Using the data below, transcribe exactly everything from the line that contains "Demikian diungkapkan Menko" down to the line that contains "上の画像は、一見ごく普通の電". Include both of those lines and none of the pictures.

* _Data listing_:
☆ ☆ ☆ ☆ ☆ ☆ ☆

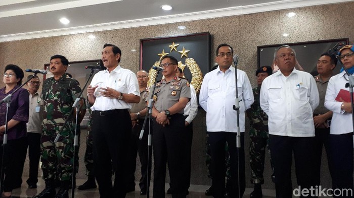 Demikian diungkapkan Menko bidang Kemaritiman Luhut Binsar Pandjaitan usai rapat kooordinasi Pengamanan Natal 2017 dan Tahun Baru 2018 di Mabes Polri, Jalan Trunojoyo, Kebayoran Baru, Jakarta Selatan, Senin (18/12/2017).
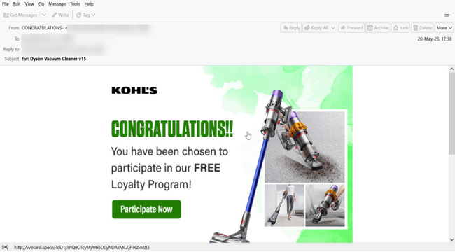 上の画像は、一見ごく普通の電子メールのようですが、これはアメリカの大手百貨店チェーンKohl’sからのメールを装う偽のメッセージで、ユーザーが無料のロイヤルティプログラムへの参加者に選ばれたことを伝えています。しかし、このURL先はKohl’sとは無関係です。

☆ ☆ ☆ ☆ ☆ ☆ ☆

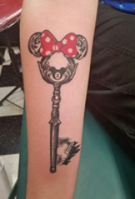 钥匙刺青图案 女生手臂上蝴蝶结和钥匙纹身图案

☆ ☆ ☆ ☆ ☆ ☆ ☆

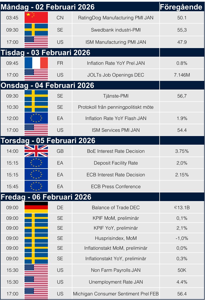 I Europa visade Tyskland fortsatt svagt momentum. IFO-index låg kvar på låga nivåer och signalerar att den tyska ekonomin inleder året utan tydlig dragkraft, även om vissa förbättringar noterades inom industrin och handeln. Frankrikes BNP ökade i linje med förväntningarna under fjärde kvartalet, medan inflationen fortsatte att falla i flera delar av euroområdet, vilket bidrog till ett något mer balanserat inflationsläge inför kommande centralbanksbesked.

☆ ☆ ☆ ☆ ☆ ☆ ☆

* _Output of the exercise_:
 Demikian diungkapkan Menko bidang Kemaritiman Luhut Binsar Pandjaitan usai rapat kooordinasi Pengamanan Natal 2017 dan Tahun Baru 2018 di Mabes Polri, Jalan Trunojoyo, Kebayoran Baru, Jakarta Selatan, Senin (18/12/2017).
 上の画像は、一見ごく普通の電子メールのようですが、これはアメリカの大手百貨店チェーンKohl’sからのメールを装う偽のメッセージで、ユーザーが無料のロイヤルティプログラムへの参加者に選ばれたことを伝えています。しかし、このURL先はKohl’sとは無関係です。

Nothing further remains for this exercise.